The receptors are distributed throughout central nervous system, cardiovascular system and gastrointestinal system, immune system.  They are in fact throughout the entire body.

These findings demonstrate the likely organic nature of Chronic Fatigue Syndrome aka Myalgic Encephalomyelitis, although we hasten to add they are not necessarily the cause of fatigue generally. Clearly the name of the illness needs to change as this is likely to be a specific illness with a wide range of clinical expression.

We thank and acknowledge the Journal of Immunology and Immunogenetics Insights for publishing the two articles, the first is due out in the next couple of days

We hope these discoveries will pave the way for treatments over the next few years, however the complexity of these discoveries has many challenges for us.

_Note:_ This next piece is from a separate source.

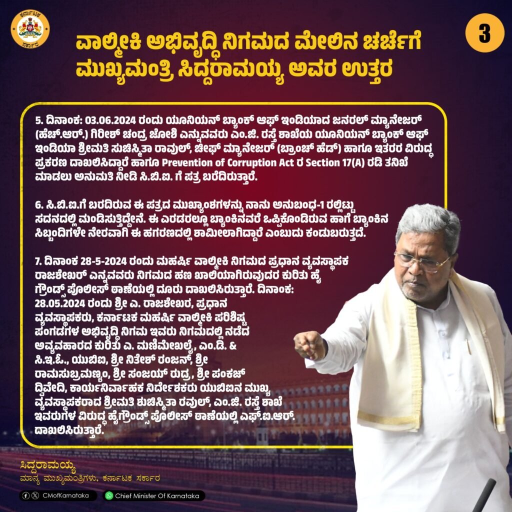 ಬೆಂಗಳೂರು; ಕರ್ನಾಟಕ ಮಹರ್ಷಿ ವಾಲ್ಮೀಕಿ ಅಭಿವೃದ್ದಿ ನಿಗಮದಲ್ಲಿ ನಡೆದಿರುವ ಬಹು ಕೋಟಿ ಹಗರಣವನ್ನೇ ಪ್ರಬಲ ಅಸ್ತ್ರವನ್ನಾಗಿಸಿಕೊಂಡಿರುವ ಪ್ರತಿಪಕ್ಷಗಳು, ಉಭಯ ಸದನಗಳಲ್ಲಿ ಸರ್ಕಾರದ ವಿರುದ್ಧ ಪ್ರತಿಭಟಿಸುತ್ತಿರುವ ಹೊತ್ತಿನಲ್ಲೇ ಇದೀಗ ಮುಖ್ಯಮಂತ್ರಿ ಸಿದ್ದರಾಮಯ್ಯ ಮತ್ತು ಇಡೀ ಸರ್ಕಾರವೇ ಈ ಹಗರಣವನ್ನು ನೇರವಾಗಿ ಯೂನಿಯನ್ ಬ್ಯಾಂಕ್ ಆಫ್ ಇಂಡಿಯಾದ ತಲೆಗೆ ಕಟ್ಟಿದೆ.

Last updated: 03 Nov 2016 5:51pm
Dr Robert Loblay is Director of the Allergy Unit, Department of Clinical Immunology, Royal Prince Alfred Hospital, Sydney, and a Senior Lecturer in Medicine at the Central Clinical School, University of Sydney

The press release is misleading when it refers to “a potential biological cause” of CFS. “Causes” can be broken down into predisposing, precipitating, perpetuating and aggravating factors. That there is a genetic predisposition in people with CFS has been known for a long time. The significance of this pilot study is that identifying specific gene variants (SNPs) that correlate with the disorder potentially allows mechanistic hypotheses to be formulated and explored in future studies. From this point of view, the findings are intriguing, especially the strong association with TRPM3.
There are two main difficulties in interpreting these results. Firstly, “CFS” is a very heterogeneous condition in terms of symptom manifestations, precipitating and aggravating factors. Genomic studies in these circumstances are of limited value in the absence of detailed phenotypic (clinical) information. The paper provides no information about patient characteristics. The diagnostic criteria used are not specified, nor are the ages or the range of clinical characteristics within the group. And if they were recruited from a CFS support group, significant biases could have been introduced in terms of their clinical features (symptom clusters, severity, chronicity, perceived trigger factors etc.).
CFS research has long been bedevilled by recruitment biases and selection of healthy controls for comparison. The controls in this study were apparently not matched in any way. Consequently, the results cannot determine whether the gene variants correlate with CFS itself, or with one or more of the symptom clusters that overlap with CFS (fibromyalgia; irritable bowel syndrome; migraine; susceptibility to environmental, food & other triggers; prolonged convalescence from viral illness; postural orthostatic tachycardia syndrome; etc). It would have been more informative to select controls matched for each of these disorders in the absence of the profound fatigue and cognitive changes that are the distinguishing characteristics of CFS.
Secondly, the wide tissue distribution and multitude of functions of TRP channels generally (and TRPM3 in particular) make it imperative to correlate the presence of SNPs with individual clinical characteristics. For example, TRPM3 is highly expressed in sensory neurons (where it mediates the response to noxious heat), but it’s also present in pancreatic cells (where it controls insulin release), in the brain, pituitary gland, eye, kidney, cardiovascular system and fat tissue (but not, as far as I know, in the immune system). Moreover, TRP channels modulate the function of an array of other receptors, signalling pathways and mediators, making it an exceedingly complex task to formulate coherent hypotheses about the functional consequences of particular SNPs, and to determine their relationship to a heterogeneous condition such as CFS.
There is a long way to go to work out what the significance of these findings is (if any) for understanding the complex pathogenesis of CFS. Without good correlative clinical data, and a detailed understanding of the molecular and cellular structure-function relationships of the SNPs identified in this paper (unknown as far as I can tell), one wouldn’t know where to begin looking. It is, however, a small step forward. More definitive studies are awaited with interest.